MÜLKİYET YASA TASARISI GÜNDEMDEN DÜŞT
Başkan Özkan, Oda’nın, geçmişte yaşanan bazı olaylardan dolayı ivme kaybetme sürecine girdiğini hatırlatarak, “Göreve gelir gelmez, yönetim kurulundaki arkadaşlarımla birlikte durumu rehabilite ederek Oda’mızı eski durumuna getirdik” dedi. Özkan, şunları söyledi:
“Başkan olduktan sonra esnafımızı zorlayan sorunların çözümü için yoğun bir çalışma başlattık. Mesela ara ara gündeme gelen mülkiyet yasa tasarısı vardı. Ortada kazanılmış bir hak vardı. Yıllar önce devletin Bakanlar Kurulu kararıyla verilen bir haktan söz ediyorum. O hakkın geri alınması söz konusu olunca hemen devreye girdik. Diğer illerin oda başkanlarıyla irtibata geçerek, Birlik Başkanımız Yalçın Ata’nın himayesinde, Federasyon Başkanımız Mehmet Yiğiner ile birlikte Ankara’da TBMM nezdinde ilgili komisyonlarda söz konusu mülkiyet yasa tasarısıyla ilgili çekincelerimizi dile getirdik. Yasayla verilmiş haklarımızı ve neler olması gerektiğini anlattık. Sonuçta ikna ettik ve bu konunun gündemden düşmesini sağladık. Bir yıl içinde yaptığımız en önemli işlerden birisi budur. Esnafımızın ekmeğini büyütmek için biz bu görevlerdeyiz. İzmir’in ihtiyacı olmadığı halde gündeme 2025 yılbaşı itibariyle ticari taksi sayısının artırılması gündeme gelmişti. Piyasaya 200 adet yeni taksinin sokulması gündeme geldi ve bu talebi, yaptırdığımız bilimsel bir araştırmanın sonuçlarını ortaya koyarak çürüttük. Bilimsel araştırmada, şu anda İzmir’de yeni ticari taksiye ihtiyaç olmadığını, ihtiyacın sadece İzmir trafiğinin pik saatlerinde yaşandığını ortaya koyunca, Büyükşehir de bu konuyu gündemden düşürdü. Tüm büyükşehirlerde korsan taşımacılık kabus haline geldi. İstanbul, ilk davayı açtı. İzmir, ilklerin şehri olmasına rağmen maalesef bu konuda ilk adımı atan olamadık. Göreve başlar başlamaz, yönetim kurulundaki arkadaşlarımla konuyu konuştuk ve bu davaya biz de İzmir olarak müdahil olduk. Bir yıldır tüm duruşmalara katıldım. ÖTV sorununu hep gündemde tuttuk, ama çözemedik. Sesimizi her zaman duyurduk. Araçlarını yenilemek isteyen esnafımızl için çeşitli firmalarla görüştük, fırsat yarattırdık.”

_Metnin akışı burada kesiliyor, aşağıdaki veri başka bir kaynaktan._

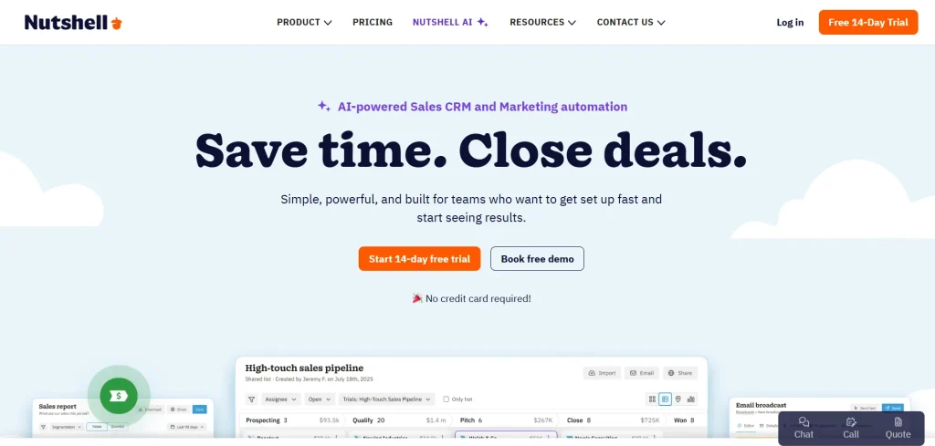 It offers deal tracking, built-in calling, and email automation to keep sales moving. AI-powered lead scoring helps teams focus on the best prospects and close deals faster.
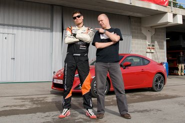 Ez az ember tanított bennünket driftelni egy pont ugyanolyan széria GT86-tal, mint amilyenekkel a barcelonai reptértől a pályáig megtettük az utat. Semmi motortuning, semmi diffimódosítás, semmi keskeny gumi – ahogy az autó kijött a dobozból, úgy.
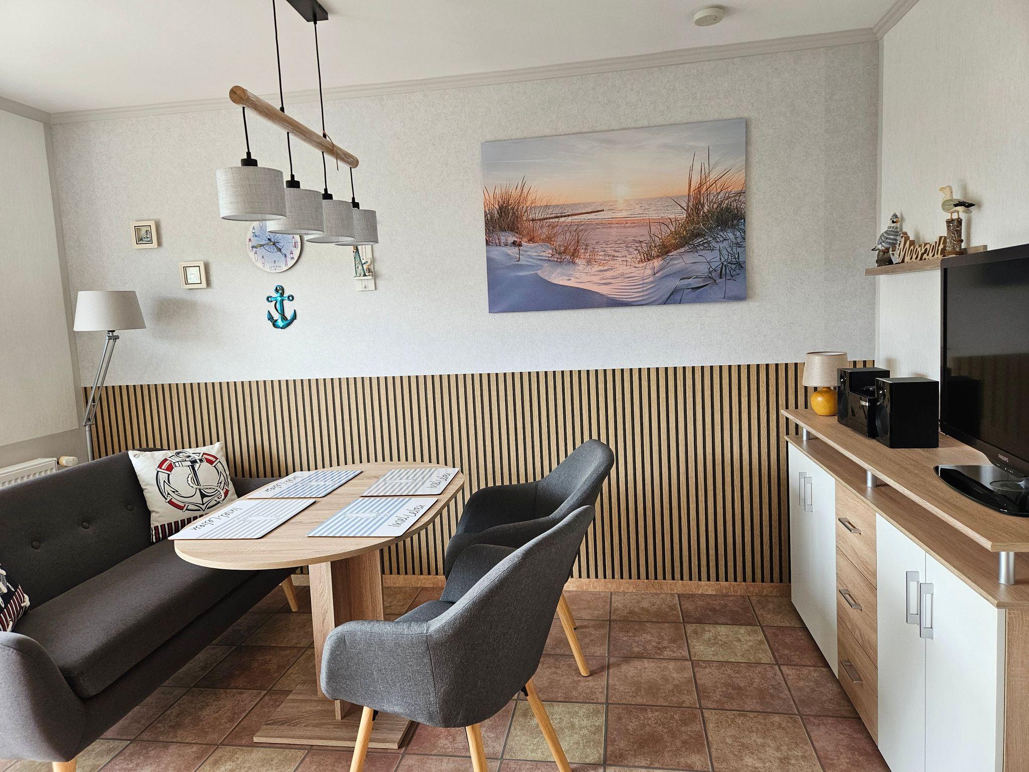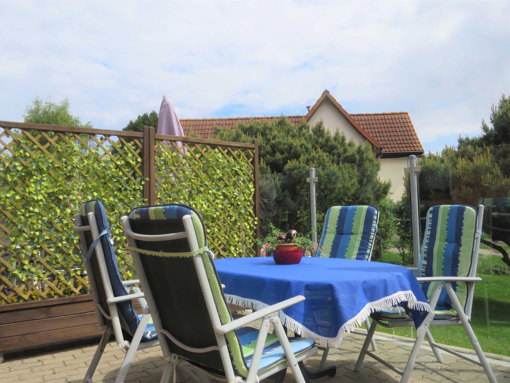 Wir vermieten eine moderne Ferienwohnung im Erdgeschoss eines Wohnhauses. Im Wohnzimmer mit gemütlicher Couch, Fernseher und Radio ist eine offene Küchenzeile integriert. Das Schlafzimmer verfügt über ein Doppelbett und zwei Einzelbetten. Ein Bad mit Dusche und WC sowie eine Terrasse mit Grillmöglichkeit gehören ebenso zur Ferienwohnung dazu. Für Ihre mitgebrachten Fahrräder ist eine Unterstellmöglichkeit vorhanden. Ein PKW-Stellplatz befindet sich auf dem Grundstück. Kinderreisebett und Hochstuhl sind auf Wunsch dazu zu mieten. Die Ferienwohnung ist in ruhiger Lage in der Nähe des Achterwassers. Die Erstausstattung Bettwäsche und Geschirrtücher sind inklusive. Handtücher auf Anfrage.

11 OCAK 2026’DA GENEL KURUL YAPILACAK
İzmir Şoförler ve Otomobilciler Odası Genel Kurulu’nun 11 Ocak 2026 tarihinde Gaziemir’deki Fuarizmir’de gerçekleştirileceğini açıklayan Başkan Erkan Özkan, tüm esnafı genel kurula katılma çağrısında bulundu. Aday olduğunu, Adnan Menderes Havalimanı kooperatifi başkanı Sami Çetinkaya’nın da adaylığını açıkladığını belirten Özkan, “İyi aile kızını herkes ister” dedi ve şunları söyledi:
“İzmir Şoförler Odası, çok iyi bir pozisyonda. Geçmişte güzel işler yapılmış. Ebediyete intikal etmiş başkanlarımızı saygıyla anıyorum. Odamızın ciddi bir malvarlığı var. Sosyal ve siyasi alanda bir güce sahip... Hal böyle olunca, Oda yönetimine talipliler çok olacaktır. Önemli olan, rekabetin centilmence ve kaliteli olmasıdır ve hak edenin, işin ehli olanın göreve getirilmesidir. Sami Bey’in adaylığını biz de duyduk, durakları dolaşıyorlar. Hayırlısı olsun. Ben buradan kendilerine başarılar diliyorum. Bu arkadaşlar önce bana geldiler, yanındaki iki arkadaşı yönetime almamı istediler. Biz de İzmir Şoförler ve Otomobilciler Odası pazarlıkla yönetilen bir yer değil, hak edeni, hak ettiği şekilde kadrolarımıza aldığımızı, ama kimseye de bu konuda söz verip kendimizi bağlayamayacağımı ifade ettik. Bu cevaptan çok hoşnut olmadılar ki, sahaya çıkıp aday olduklarını açıkladılar. Ben kendilerine bir kez daha başarılar diliyorum. Eski başkanın da üç gün sonra geliyorum, beş gün sonra geliyorum şeklindeki açıklamalarla aday olacağı yönünde ifadeleri olduğunu duyuyoruz. Saygıyla karşılıyoruz elbette. Aday olabiliyorsa ve bize karşı da aday olma konusunda kendisini muktedir görüyorsa, başımızın üstünde yeri vardır, deriz. Burası er meydanıdır. Üyelerimiz kime teveccüh gösteriyorsa, onu seçer. Ben erkan Özkan olarak, yönetim kurulu arkadaşlarım olarak biz, seçime endeksli değil, mevcut sorunları çöze çöze Oda’mızı genel kurula götürüyorum. Takdiri de üyelerimize bırakıyorum.”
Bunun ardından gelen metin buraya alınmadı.